Men, Women, & Homemaking – Holiday Edition

1950s-xmas-Paulette-GoddardOver the weekend, I came across this article about ordering home life.  Does this ring true, anybody?

“We all know families that are held together because a woman knows who likes what in their sandwiches, who can or cannot read on a road trip, who needs cuddles after a hard day at school.”


So, here’s my question:  who does what in your home for the holidays?  When I was a child, my Dad delighted in the practical joke side of Christmas (e.g. changing the tags on the gifts) but Mom did all the cooking, cleaning, shopping, wrapping, and decorating.  And I suspect that it’s still true in many households that one person takes on more responsibilities than the others under the same roof.  Is that because – in my case – the woman wants/needs things to be a certain way?  Stockings hanging from the mantel.  Greens hanging from the doorpost.  Candles in the windows.

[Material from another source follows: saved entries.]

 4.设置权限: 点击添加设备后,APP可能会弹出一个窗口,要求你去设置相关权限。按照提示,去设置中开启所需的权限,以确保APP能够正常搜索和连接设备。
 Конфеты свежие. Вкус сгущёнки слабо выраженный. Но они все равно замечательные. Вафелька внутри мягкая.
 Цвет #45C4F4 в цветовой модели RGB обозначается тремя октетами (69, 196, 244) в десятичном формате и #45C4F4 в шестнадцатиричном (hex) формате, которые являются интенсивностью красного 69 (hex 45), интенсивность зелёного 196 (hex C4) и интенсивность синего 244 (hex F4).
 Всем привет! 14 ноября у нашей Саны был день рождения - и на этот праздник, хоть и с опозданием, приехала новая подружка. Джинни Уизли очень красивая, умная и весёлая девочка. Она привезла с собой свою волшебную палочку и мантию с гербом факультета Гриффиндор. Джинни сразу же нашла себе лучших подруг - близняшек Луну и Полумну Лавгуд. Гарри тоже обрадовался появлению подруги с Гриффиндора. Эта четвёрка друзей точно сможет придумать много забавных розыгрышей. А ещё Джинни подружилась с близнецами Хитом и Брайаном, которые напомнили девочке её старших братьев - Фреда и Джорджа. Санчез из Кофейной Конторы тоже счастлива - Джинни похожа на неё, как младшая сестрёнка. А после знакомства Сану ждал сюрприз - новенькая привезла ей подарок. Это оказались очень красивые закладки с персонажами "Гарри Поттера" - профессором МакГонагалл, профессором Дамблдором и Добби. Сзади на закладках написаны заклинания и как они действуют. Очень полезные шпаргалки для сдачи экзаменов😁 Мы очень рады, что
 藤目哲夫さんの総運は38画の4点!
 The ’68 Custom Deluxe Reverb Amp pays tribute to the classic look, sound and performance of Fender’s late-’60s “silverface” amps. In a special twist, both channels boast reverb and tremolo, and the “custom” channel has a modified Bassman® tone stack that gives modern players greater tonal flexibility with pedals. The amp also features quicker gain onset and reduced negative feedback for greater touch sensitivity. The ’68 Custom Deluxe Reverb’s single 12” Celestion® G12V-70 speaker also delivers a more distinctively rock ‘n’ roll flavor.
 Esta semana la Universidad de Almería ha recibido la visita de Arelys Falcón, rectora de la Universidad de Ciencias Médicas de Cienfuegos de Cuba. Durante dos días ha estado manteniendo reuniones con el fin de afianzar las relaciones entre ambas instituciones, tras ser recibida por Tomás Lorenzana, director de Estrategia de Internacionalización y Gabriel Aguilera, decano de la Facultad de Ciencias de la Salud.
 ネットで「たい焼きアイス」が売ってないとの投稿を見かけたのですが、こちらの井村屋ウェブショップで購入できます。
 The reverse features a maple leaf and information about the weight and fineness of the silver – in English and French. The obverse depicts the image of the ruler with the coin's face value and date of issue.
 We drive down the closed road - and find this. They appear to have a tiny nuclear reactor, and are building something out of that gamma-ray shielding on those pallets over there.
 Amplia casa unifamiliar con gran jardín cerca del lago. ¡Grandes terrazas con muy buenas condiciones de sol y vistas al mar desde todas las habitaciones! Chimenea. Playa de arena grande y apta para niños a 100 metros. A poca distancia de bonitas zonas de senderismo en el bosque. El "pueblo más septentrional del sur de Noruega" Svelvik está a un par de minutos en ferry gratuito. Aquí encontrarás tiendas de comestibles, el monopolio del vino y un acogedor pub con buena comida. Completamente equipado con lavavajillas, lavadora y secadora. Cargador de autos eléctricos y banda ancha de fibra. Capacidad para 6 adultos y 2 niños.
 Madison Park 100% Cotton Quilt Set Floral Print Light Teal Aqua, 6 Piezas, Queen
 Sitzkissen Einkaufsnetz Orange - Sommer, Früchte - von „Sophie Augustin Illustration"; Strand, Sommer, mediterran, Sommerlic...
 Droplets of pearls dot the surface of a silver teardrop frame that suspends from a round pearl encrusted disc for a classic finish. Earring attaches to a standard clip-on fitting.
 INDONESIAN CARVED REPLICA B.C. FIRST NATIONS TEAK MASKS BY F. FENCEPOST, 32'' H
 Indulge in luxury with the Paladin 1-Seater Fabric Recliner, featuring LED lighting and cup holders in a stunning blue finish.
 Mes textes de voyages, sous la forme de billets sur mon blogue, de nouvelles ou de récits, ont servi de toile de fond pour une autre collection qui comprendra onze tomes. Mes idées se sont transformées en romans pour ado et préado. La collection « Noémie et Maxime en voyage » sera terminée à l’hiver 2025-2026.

Is it still true in your household that one person takes the lead on All Things Christmas?

Would you say that Stephen Marche’s article true for you and your household in 2013?  (Do we simply need to let things be a little dirtier and stress out about holiday decorating a little less?)

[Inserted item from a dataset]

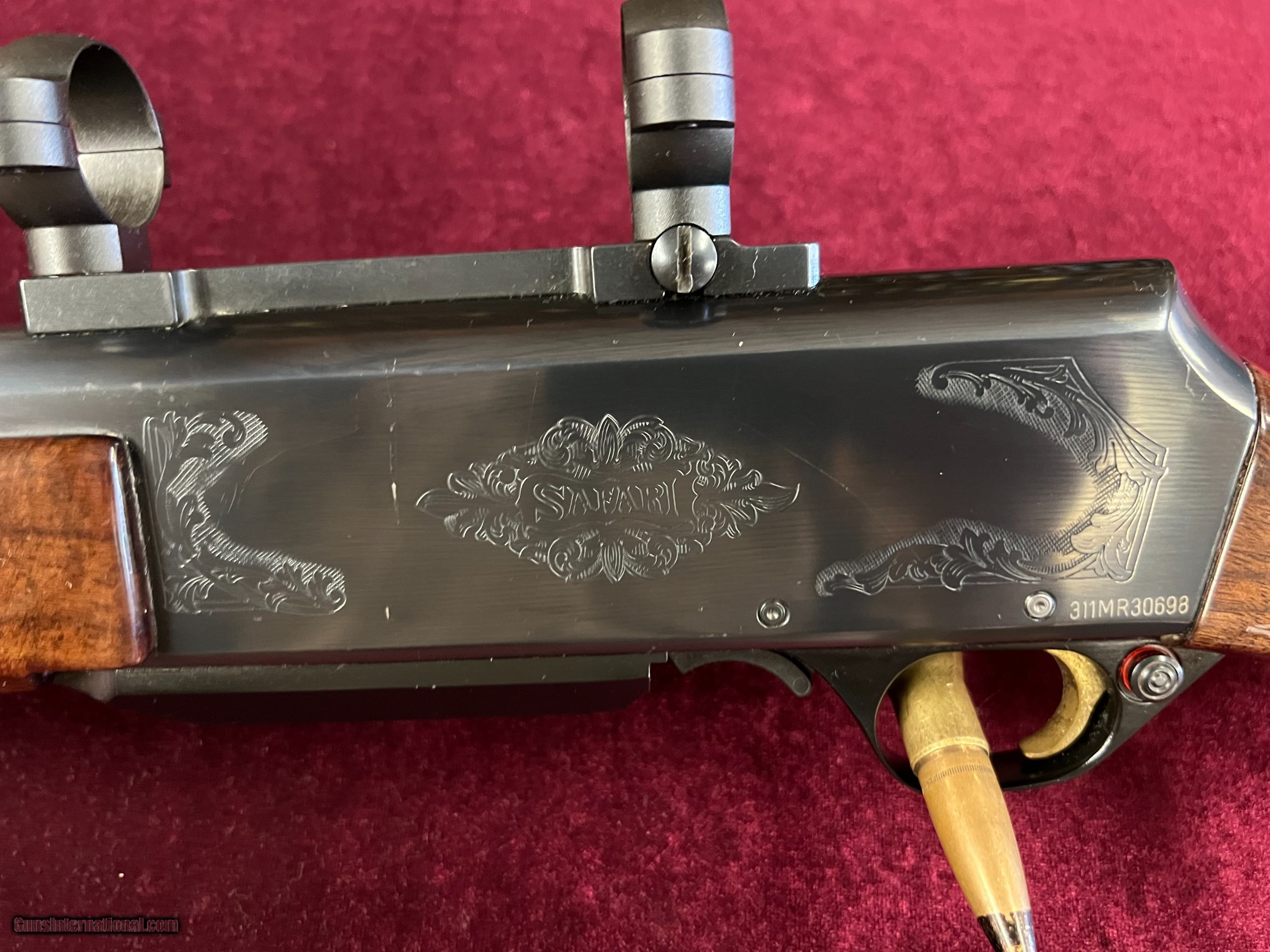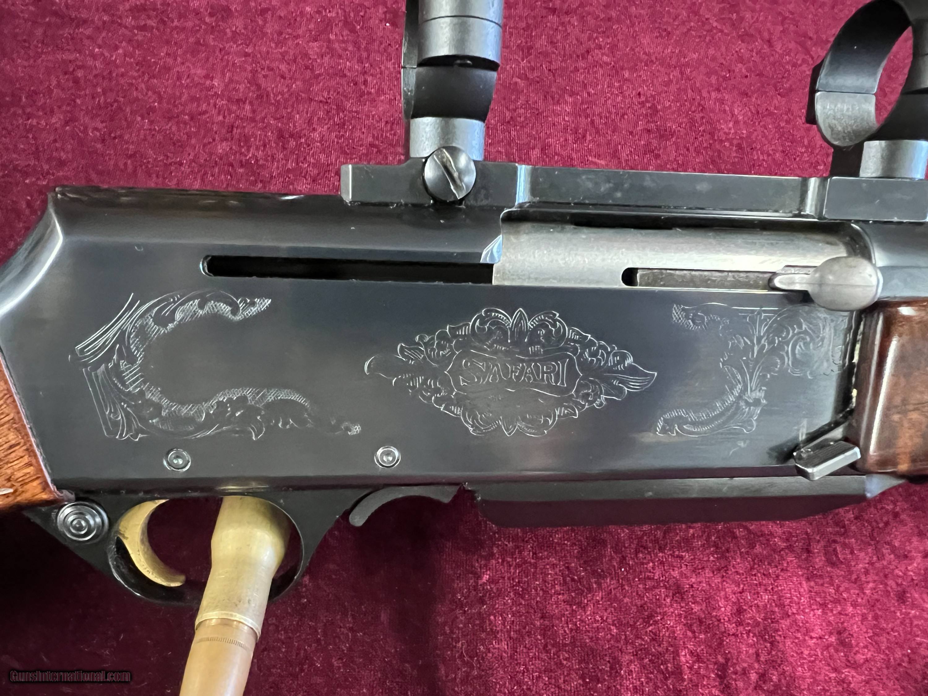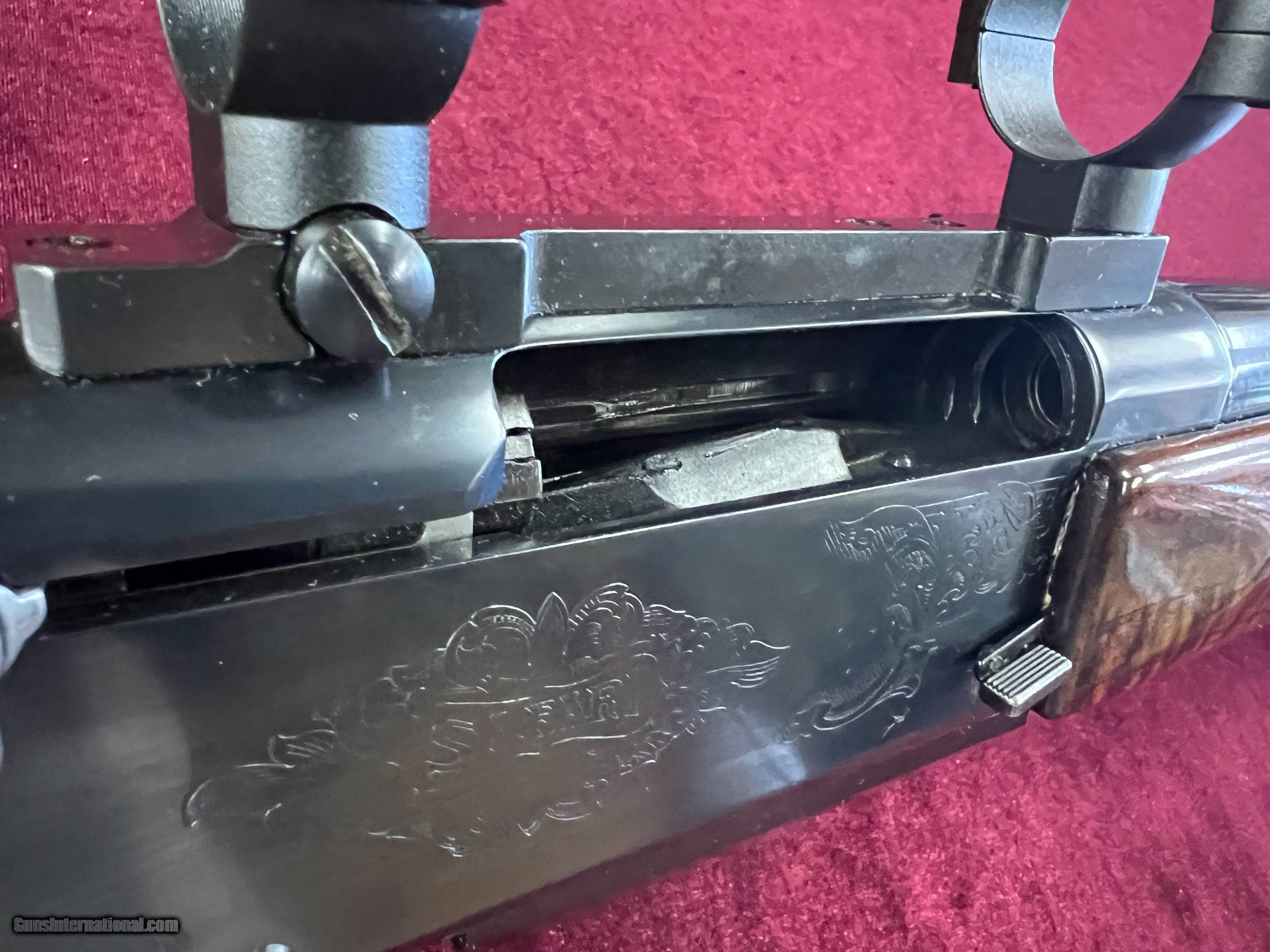 Description: Hello all. In this listing we are selling a Belgium Browning BAR Safari. This semi-automatic rifle is chambered in 338 Win Mag sporting a 24" barrel, not including the muzzle break. The bluing is 99% with the wood at 99%. The gun also comes with Leupold bases and rings. The serial number is 311MR30698. If you have any questions or would like additional photos, please feel free to contact us. Buyer pays shipping. We charge 3% on all card transactions. We are selling this gun for the very low price of $1295. SOLD Rifle Caliber: .338 Winchester Magnum Manufacturer: Browning - Belgium Model: BAR Safari Serial Number: 311MR30698 Barrel Length: 24 |

2 responses to “Men, Women, & Homemaking – Holiday Edition

  1. This is a constant dialogue in our house and I see a lot of couples (who identify themselves “of faith” and are admittedly much more conservative than my personal situation) struggle to figure this out in the context of how scripture sets up a “man” and a “wife’s” responsibilities. Oh bless them. Anyway, in our house we’re still working on learning how we each offer the family emotional support in our different ways. The only thing we have really come to is making sure we don’t host or decorate or do any task that we’re only completing because we feel pressured to do so. Even this is still more practice than perfect at this stage.

    Thanks for opening up this conversation.

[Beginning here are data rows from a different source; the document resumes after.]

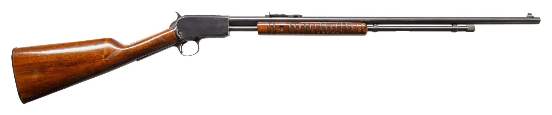 1) ROSSI 62 SA PUMP ACTION. Cal. 22 S, L, LR. S# G123530. Bbl. 23". Blade front sight & elevator rear sight. Tubular mag. Hardwood stock set. CONDITION: good blue with cycling wear & marks. Tang screw is missing. Good wood finish with marks. Very good rifling. (25-5876/MD)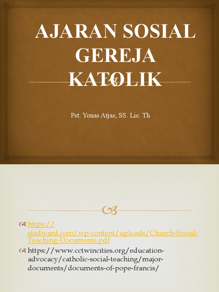 Ajaran Sosial Gereja Katolik PPTX (Asg) PDF Apa Yang Dimaksud Dengan Ajaran Sosial Gereja Shalom isa inigo, ajaran sosial gereja sebenarnya adalah ajaran gereja yang diperuntukkan bagi kebaikan bersama (common good) dalam masyarakat, untuk mengarahkan masyarakat. Memahami apa yang disebut dengan kebaikan bersama, sehingga semua orang dapat. Ajaran sosial gereja, sembari menyerahkan kepada berbagai konferensi waligereja tugas untuk membuat penerapan yang tepat. Ajaran sosial gereja adalah seperangkat prinsip dan doktrin yang diajarkan oleh gereja. Apa Yang Dimaksud Dengan Ajaran Sosial Gereja.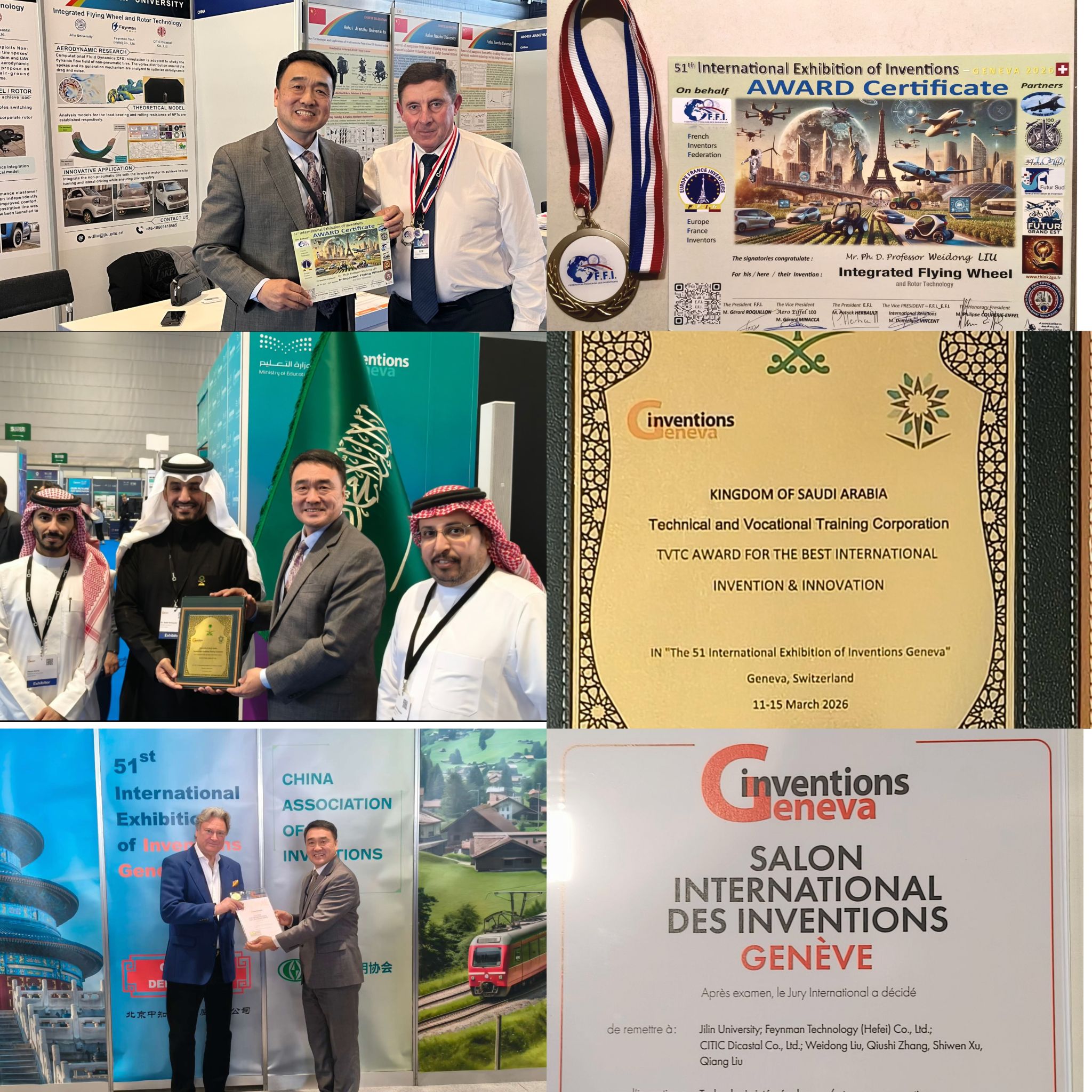 本届日内瓦国际发明展汇聚了全球35个国家和地区的 1000 多个发明项目,中国代表团携237个项目参展。刘卫东教授团队与费曼科技、中信戴卡联合研发的轮翼一体化技术,成为本次展会的亮点成果。该发明依托团队六年里对轮辐式非充气轮胎的基础理论和应用研究,通过轮翼一体化创新设计,成功实现eVTOL的两栖运输,凭借突出的技术价值与应用潜力,斩获日内瓦国际发明展评审团特别嘉许金奖(Gold Medal with the Congratulations of Jury)。日内瓦发明展本身设置金银铜各级奖项,其中评审团特别嘉许金奖被誉为“金奖中的金奖”,是展会最高荣誉,代表着国际对该技术创新性、产业化价值的高度认可。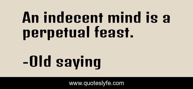 "Old saying Quotes." Quoteslyfe.com, 2025. Mon. 08 Dec. 2025. <https://www.quoteslyfe.com/quote/An-indecent-mind-is-a-perpetual-feast-274523>.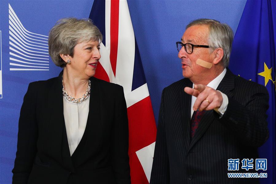 2月20日,在比利时首都布鲁塞尔,欧盟委员会主席容克(右)会见英国首相特雷莎⋅梅。 新华社记者 郑焕松 摄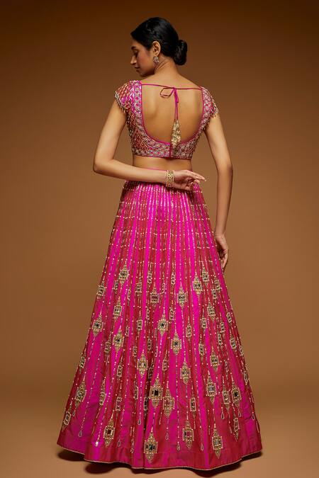 Hot pink lehenga in a pure silk base with attached can-can, embellished with lantern motifs in zari thread, mirror and pearl beads. Comes with padded cap sleeve blouse in sequin, zari, stone and crystal work and orange tulle dupatta with border embroidery.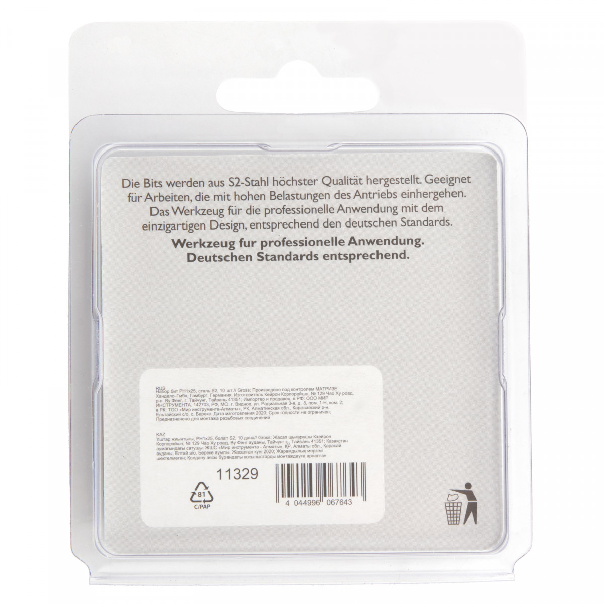 Набор бит Gross 11329 состоит из 10 наиболее востребованных крестообразных насадок типа PH1 длиной 25 мм, с хвостовиком 1/4 дюйма, изготовленных из стали S2 и предназначенных для использования с шуруповертами и отвертками-адаптерами. За счет оптимальной геометрии и высокой точности исполнения шлица биты не проскальзывают в головках крепежа. Оснастки используются для монтажа и демонтажа саморезов по дереву, шурупов и других резьбовых крепежей.

  2. I’ve said this — in times of stress: “If there were no women, there would be no holidays”. Yes — I did all the cooking, cleaning, decorating, shopping, wrapping, etc. etc. etc. Now that my husband has retired, however, he joins in and the variety of Christmas “responsibilities” is a lot more shared. It’s all good, but I do notice that I also held a bit of control in all I did. Now that he’s a part of the activities, I’m finding that I have to bite my lip when he doesn’t do something as I would.